Below are the entries. Print only the lines starting at the one with "示例为各属性可能出现的部位" and ending at the one with "Dámské tepláky, délka", exactly, with no pictures.

DATASET EXTRACT

++++

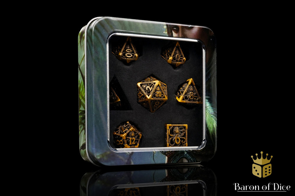 This set is polished Sunken Treasure from Ol' Red Beard's hoard! Featuring krakens, octopus, and squid designs across each die, in polished golden hues, these are ready to burst from the depths; premium metal 20mm dice set containing D4, D6, D8, D10, D10, D12, and D20.
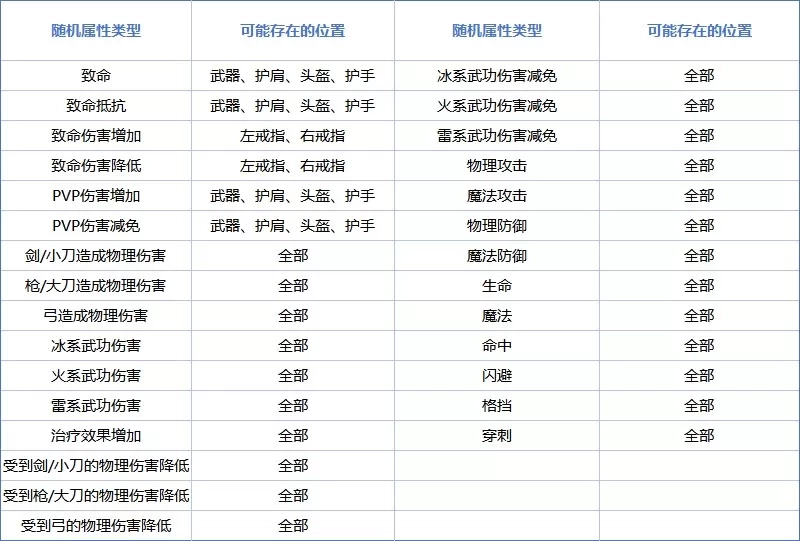 示例为各属性可能出现的部位
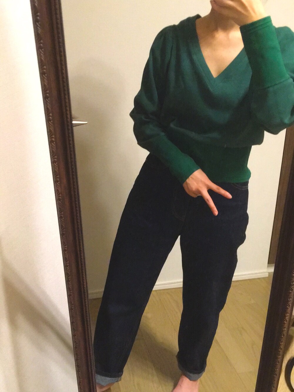 healthknitのVネック部分の空きが広すぎず狭すぎずGOOD! インディゴブルーでカジュアルに! 雨でもインディゴならハネとか気にしない!
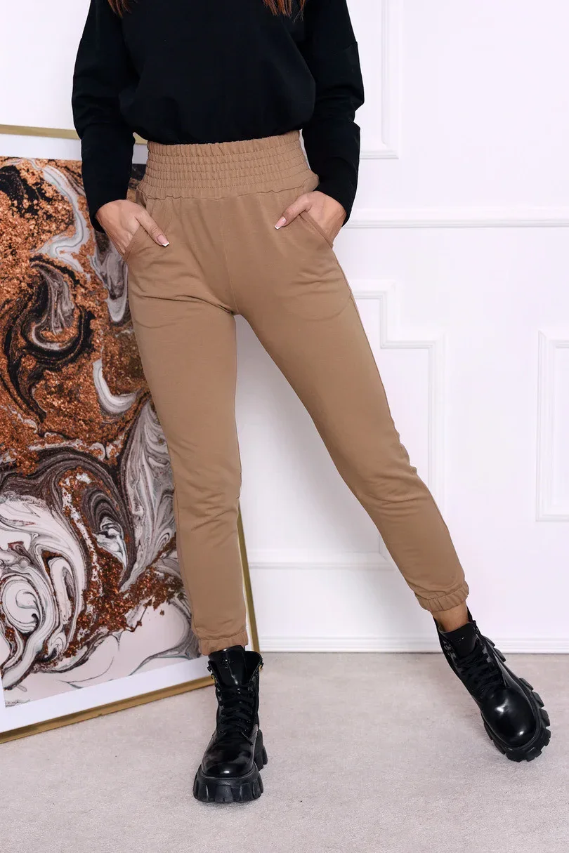 Dámské tepláky, délka nohavic 7/8, žebrované manžety, dvě kapsy na přední straně, široká ozdobná guma v pase.
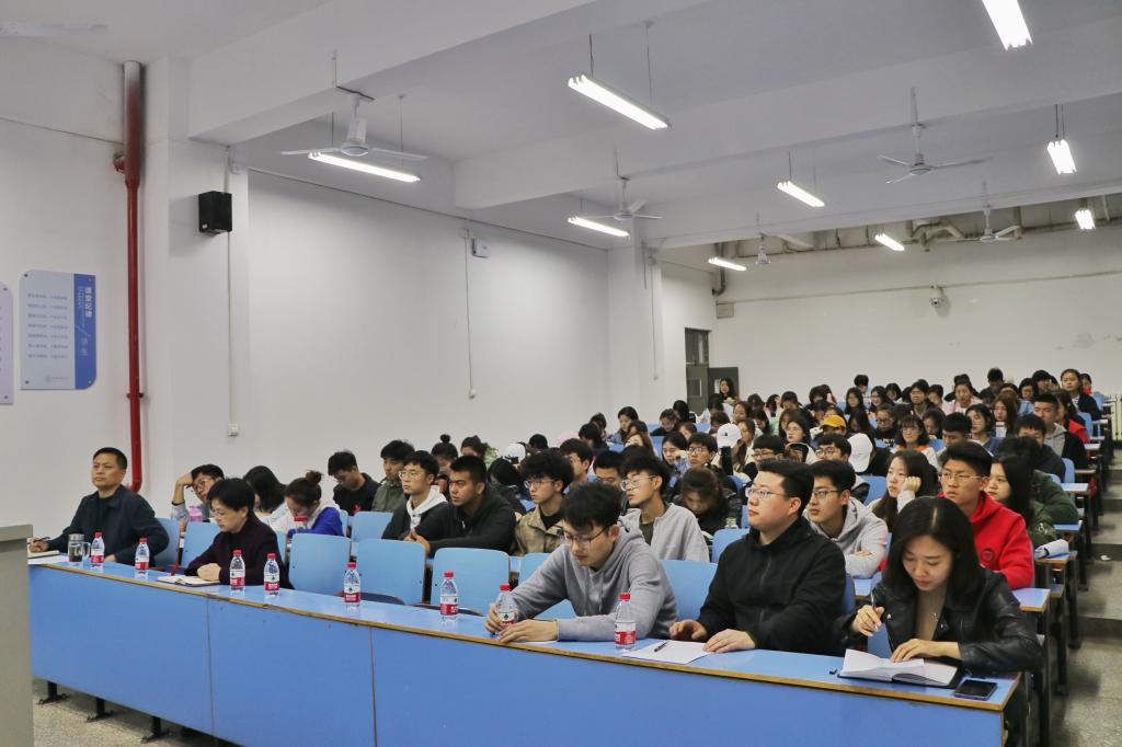 贾教授首先讲述了习近平总书记在庆祝改革开放四十周年大会上重要讲话的时代背景,从宏大的历史背景出发,阐释了改革开放的重要性。随后从“四个基于”“两个伟大”“三大里程碑”“三次飞跃”“三个充分证明”“十个始终坚持”“九个必须坚持”等方面详细解读了讲话内容,带领师生一起学习了伟大的改革开放精神。接着,针对大学生学习和生活围绕“六个破除”,分析了当今大学生普遍存在的问题,要求同学们做到“责任担当、抓紧落实、目标方法”这三个方面,学会自我反思、自我革新,养成良好的学习和生活习惯,及早树立标杆,追赶一流。
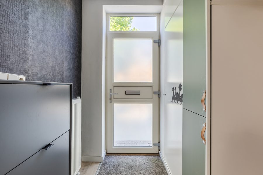Via de kleine, netjes verzorgde voortuin bereik je de voordeur van deze mooie woning. Na binnenkomst beland je eerst in een fraai afgewerkte entreehal met meterkast, garderobe, een toiletruimte met zwevend toilet en fonteintje, de trap naar de eerste verdieping en toegang tot de woonkamer.

++++

YOUR SOLUTION
 示例为各属性可能出现的部位
 healthknitのVネック部分の空きが広すぎず狭すぎずGOOD! インディゴブルーでカジュアルに! 雨でもインディゴならハネとか気にしない!
 Dámské tepláky, délka nohavic 7/8, žebrované manžety, dvě kapsy na přední straně, široká ozdobná guma v pase.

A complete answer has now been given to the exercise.